Content should always be approached in an adult professional manner and not as a lot of webmasters do by replacing substance with annoying childish in your face tactics such as pop-ups, flashing adverts misrepresentation of product/service etc, people have been using the internet for long enough now to develop what's called ad-blindness which means 9 times out of 10 their brain will ignore the used-car-sales-man approach to sell or promote, here is an example of methods that some sites use to try and milk every person that lands on their site:
- Disabling the back button - you may have experienced this yourself you go to a site and for whatever reason you find out the site is not for you so you try to leave by clicking back but it just keeps loading the same page, imagine if this happen to you when you went into the 7-11 if you didn't buy something the attendant locks the door so you cant leave? I'm betting you would be in no hurry to return.
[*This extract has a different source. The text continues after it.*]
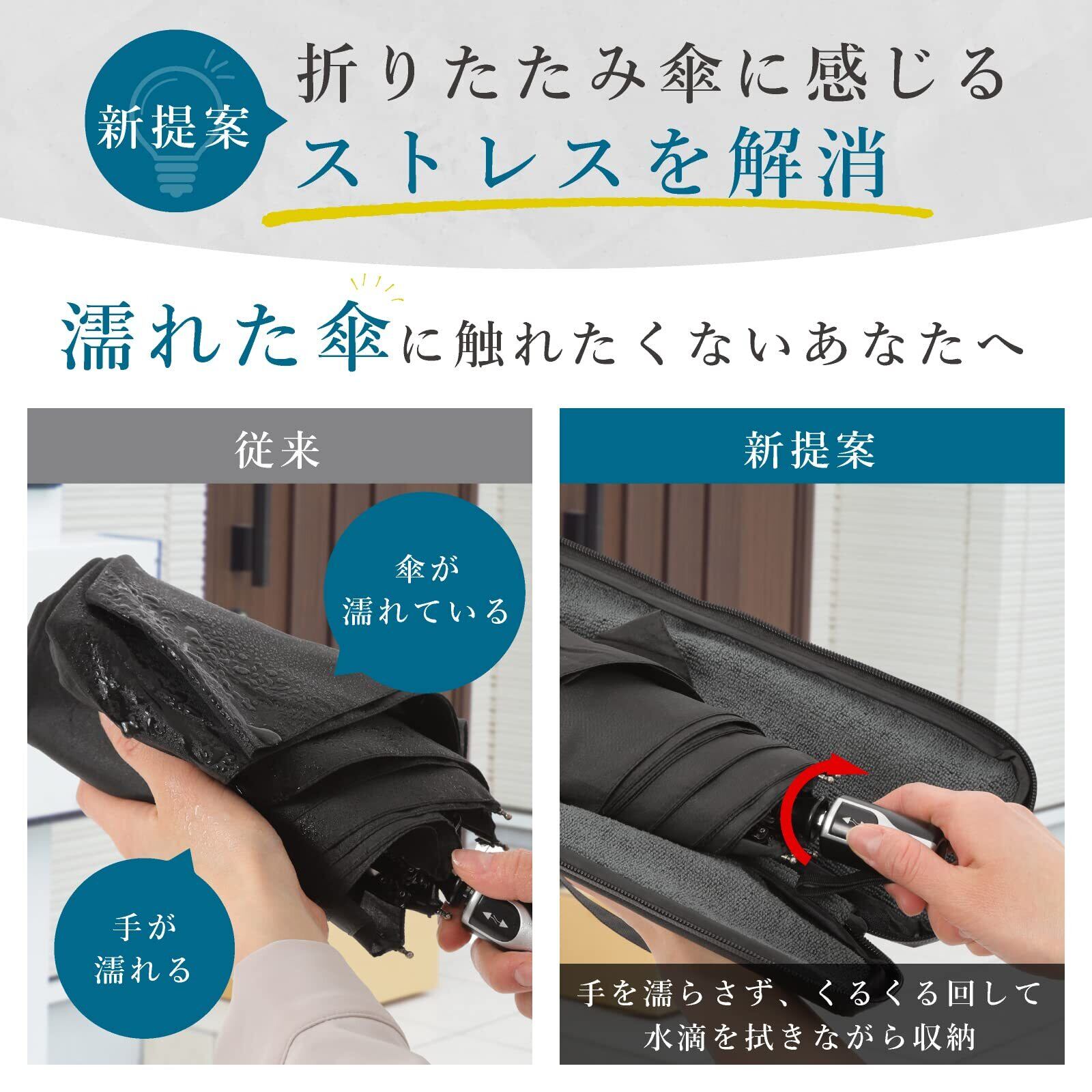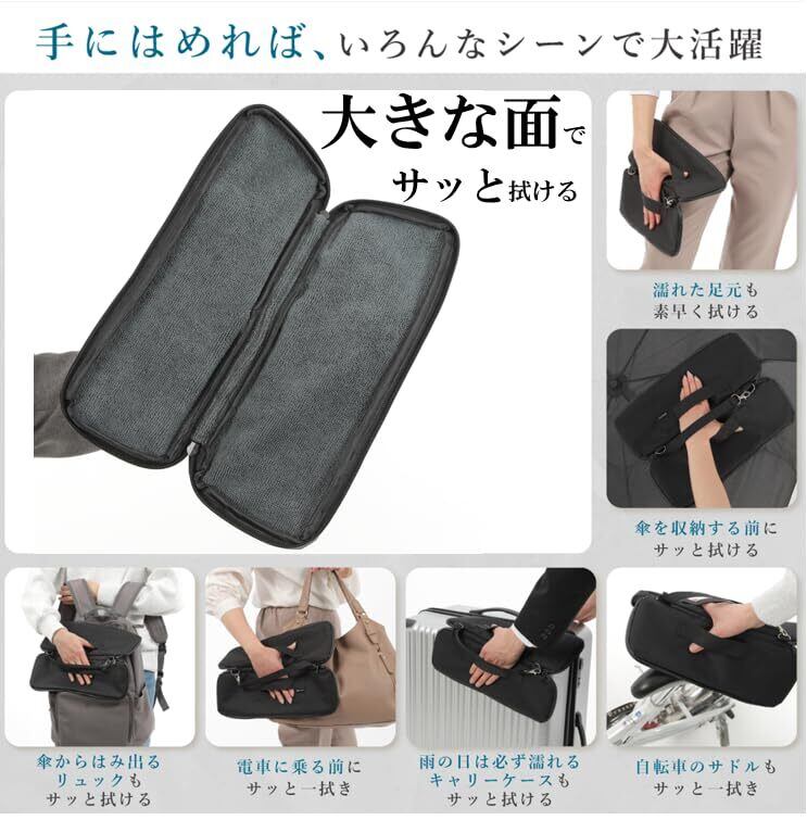 「この傘カバーは、マイクロファイバーを使用しており、濡れた傘の水分をしっかり吸収します。急な雨で濡れた傘を持ち運んでも、バッグやポケットを濡らすことはありません!」

- Pop-ups - Most browsers now have pop-up blockers but the tacky-webmaster has managed to get around this by including layers with flash pop-ups the cover the content you are reading trying the get you to buy something else, this is just as rude as the above method and you would not tolerate it in a bricks and mortar store so don't expect your viewers to tolerate on your website.
- Bait and switch - A company that makes promises it doesn't intend to keep is a company that doesn't plan to stay in business too long, If a customer/viewer feels cheated they will do one of two things 1. complain to you and everyone else that will listen or 2. nothing which is worse for you as they are not coming back to your site and they not going to tell anyone else to visit ether.
- Contact info - you can always tell a reputable site by how easy it is to get in touch with them, every site should have at least one direct method of contact should it be an email address or phone number you would be surprised how this one simple thing will inspire user confidence.
3.. Navigation
This one is a no-brainer but it is surprising how many webmasters have no clue how to direct traffic around your site. A well designed site will have all the important links on every page and important information such as contact info should never be more than one click away at anytime
4. Load time
High speed internet is still relatively new in terms of user acceptance, you should never alienate dial-up users by only having a high-res images and large flash files weighing down your site this will be more important in the next few years as cell phones and PDA's with their own browsers become more common so is the need to keep your websites load time to its absolute minimal, this does not mean you have to have text only websites as there is a lot of methods to keep file size down without sacrificing presentation.
5. browser compatibility
The truth is that unless your site is text only there is no real way to make sure it is 100% viewable on all web browsers with that being said you should be shooting for 99% this is not done by stripping away all your bells and whistles to your site this is done by making sure it is not noticeable, for example if you are viewing this site on internet explorer you will notice the the scroll bar to the right is dark blue yet on Fire fox and opera this is not compatible yet the site is designed in such a way that these viewers will not notice.
6. Accessibility
Website accessibility is making your website visible to the visual impaired and to text only browsers, you may think this is not a big deal but the reward for this makes the effort worthwhile, the way your site looks to text only browsers is the way WebCrawler's see your site when searching the web so if your site is optimized to viewed in a text browser there is more chance your site will get good page position on web searches.